Task to carry out ▸ From the first line of the data down to the line bearing "my cat is obsessed", output every line exactly and include no pictures.

Data supplied ▸
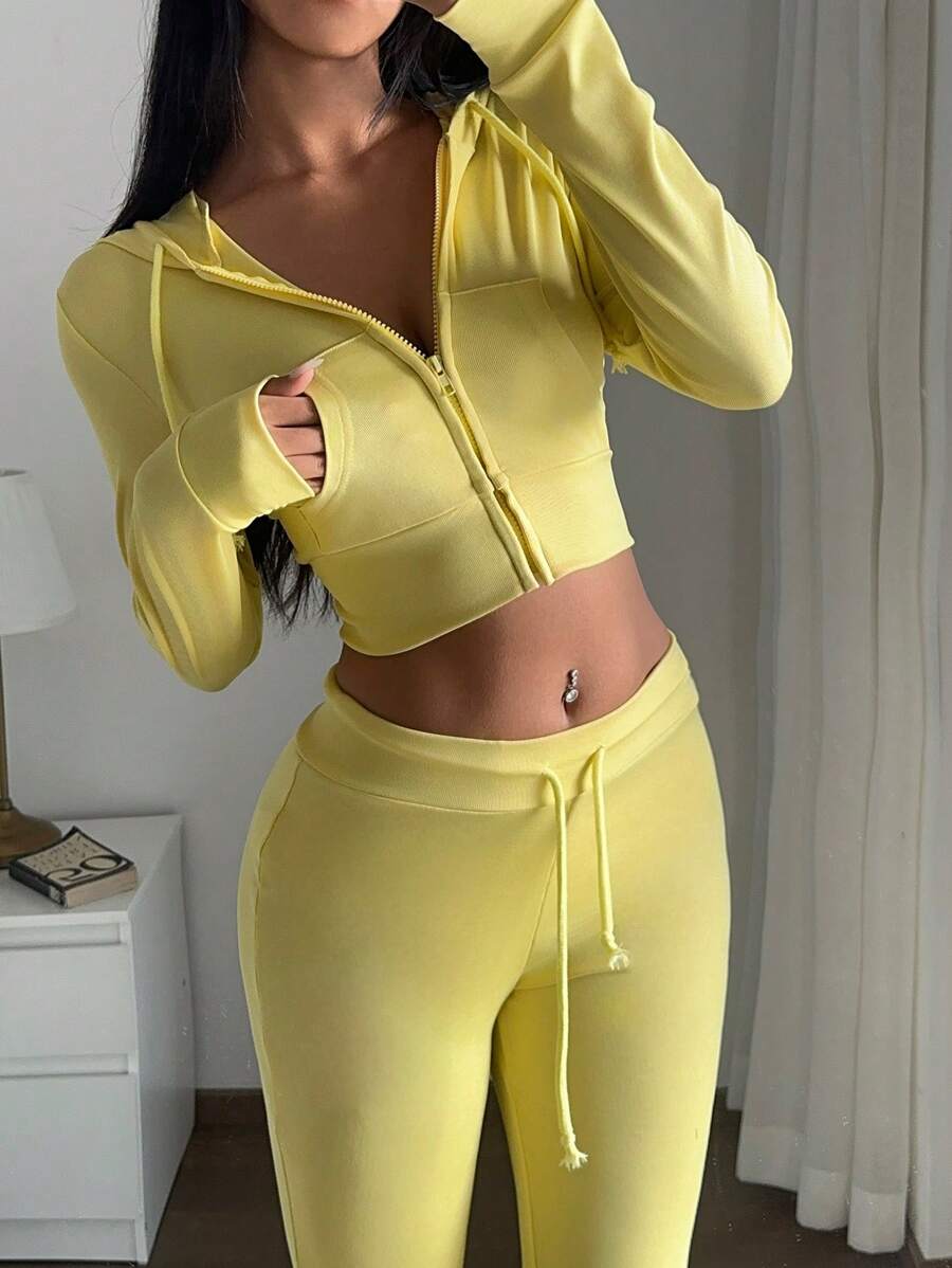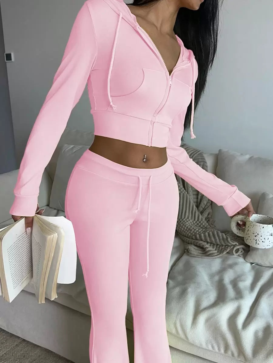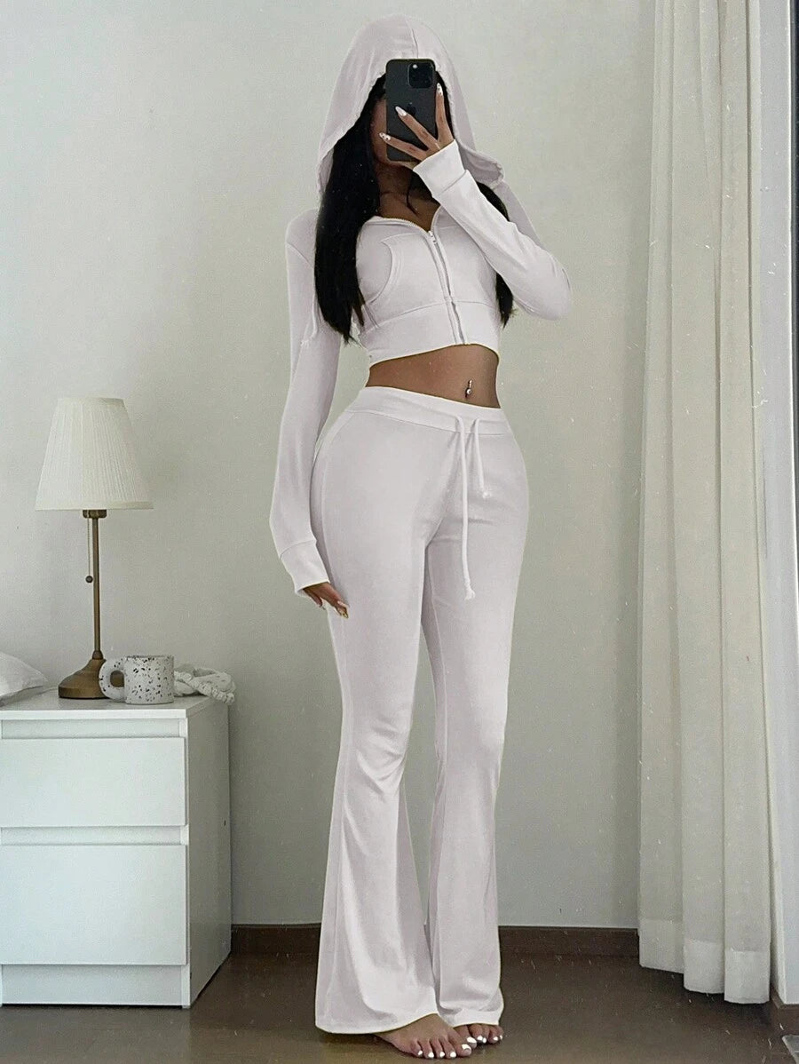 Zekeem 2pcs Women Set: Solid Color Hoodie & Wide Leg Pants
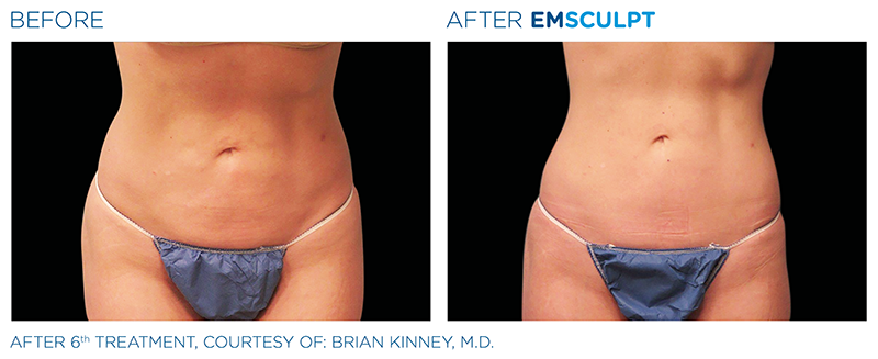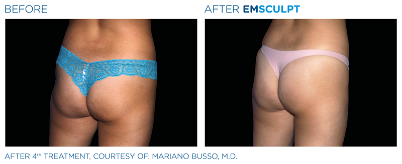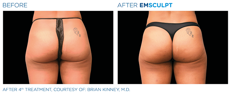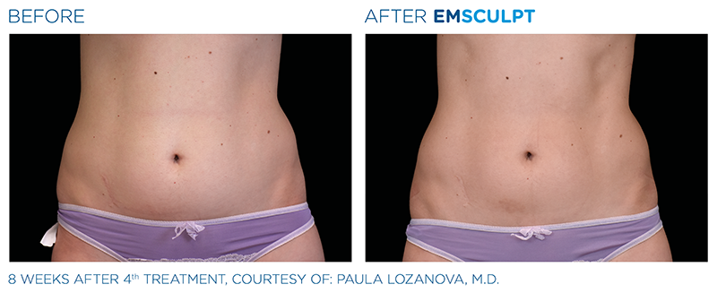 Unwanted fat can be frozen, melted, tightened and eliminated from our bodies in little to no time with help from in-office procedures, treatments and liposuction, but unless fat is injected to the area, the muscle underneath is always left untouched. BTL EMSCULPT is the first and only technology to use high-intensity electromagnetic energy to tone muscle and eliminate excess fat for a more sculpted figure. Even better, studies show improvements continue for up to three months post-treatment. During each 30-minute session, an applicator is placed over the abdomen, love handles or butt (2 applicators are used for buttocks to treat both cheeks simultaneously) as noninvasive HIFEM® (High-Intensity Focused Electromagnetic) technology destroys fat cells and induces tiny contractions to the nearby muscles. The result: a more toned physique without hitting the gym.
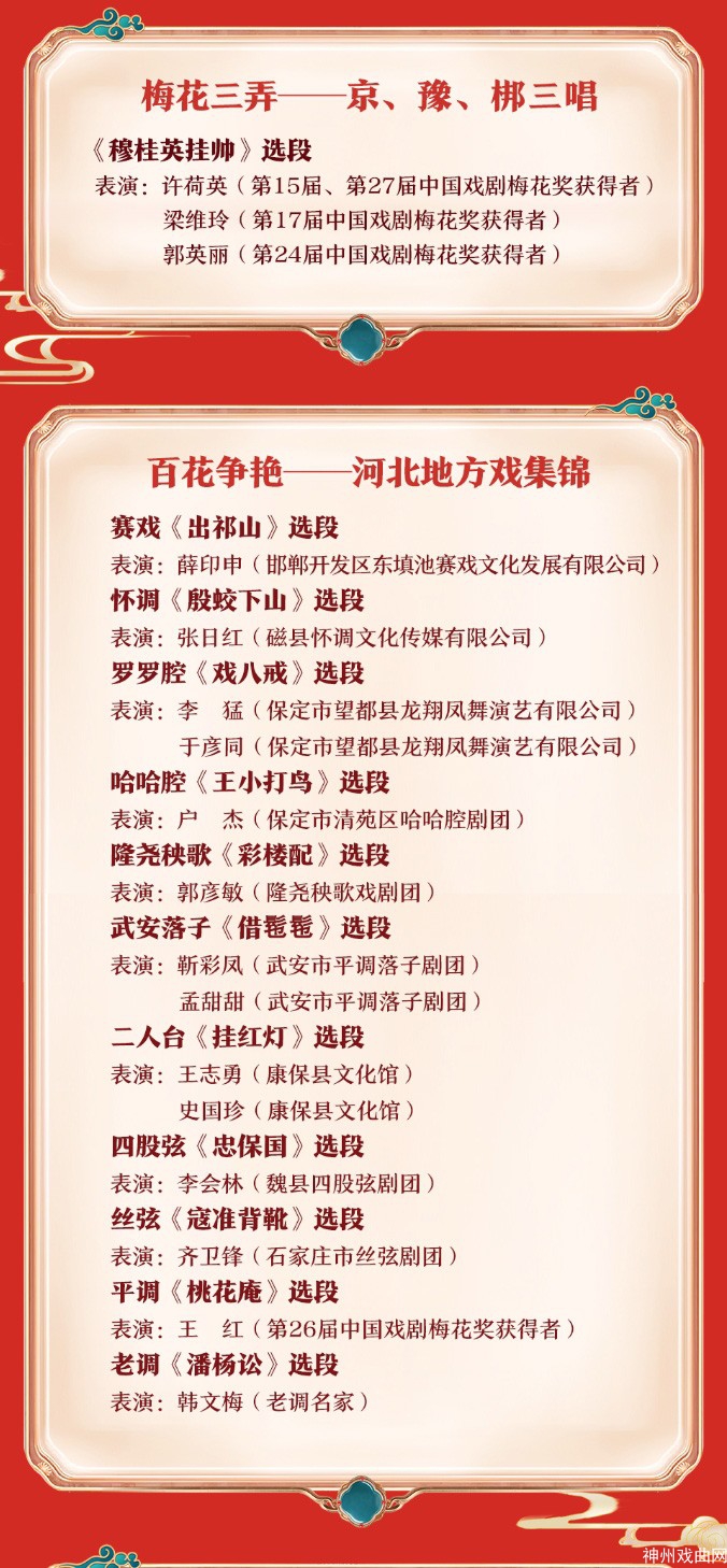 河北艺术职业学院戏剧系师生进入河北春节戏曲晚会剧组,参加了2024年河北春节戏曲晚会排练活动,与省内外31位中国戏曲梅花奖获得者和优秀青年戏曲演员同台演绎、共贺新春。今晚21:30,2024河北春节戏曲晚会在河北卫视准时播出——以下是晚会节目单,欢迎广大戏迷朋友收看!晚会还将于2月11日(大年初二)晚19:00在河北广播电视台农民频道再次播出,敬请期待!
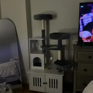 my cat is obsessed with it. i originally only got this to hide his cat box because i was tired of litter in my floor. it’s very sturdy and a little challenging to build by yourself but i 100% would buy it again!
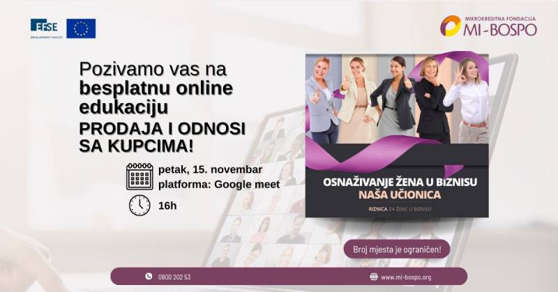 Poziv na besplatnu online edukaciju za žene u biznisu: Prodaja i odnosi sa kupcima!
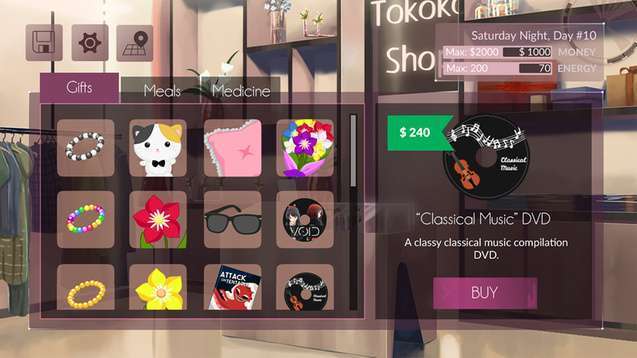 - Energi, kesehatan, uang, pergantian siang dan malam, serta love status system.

Output of the exercise ▸
 Zekeem 2pcs Women Set: Solid Color Hoodie & Wide Leg Pants
 Unwanted fat can be frozen, melted, tightened and eliminated from our bodies in little to no time with help from in-office procedures, treatments and liposuction, but unless fat is injected to the area, the muscle underneath is always left untouched. BTL EMSCULPT is the first and only technology to use high-intensity electromagnetic energy to tone muscle and eliminate excess fat for a more sculpted figure. Even better, studies show improvements continue for up to three months post-treatment. During each 30-minute session, an applicator is placed over the abdomen, love handles or butt (2 applicators are used for buttocks to treat both cheeks simultaneously) as noninvasive HIFEM® (High-Intensity Focused Electromagnetic) technology destroys fat cells and induces tiny contractions to the nearby muscles. The result: a more toned physique without hitting the gym.
 河北艺术职业学院戏剧系师生进入河北春节戏曲晚会剧组,参加了2024年河北春节戏曲晚会排练活动,与省内外31位中国戏曲梅花奖获得者和优秀青年戏曲演员同台演绎、共贺新春。今晚21:30,2024河北春节戏曲晚会在河北卫视准时播出——以下是晚会节目单,欢迎广大戏迷朋友收看!晚会还将于2月11日(大年初二)晚19:00在河北广播电视台农民频道再次播出,敬请期待!
 my cat is obsessed with it. i originally only got this to hide his cat box because i was tired of litter in my floor. it’s very sturdy and a little challenging to build by yourself but i 100% would buy it again!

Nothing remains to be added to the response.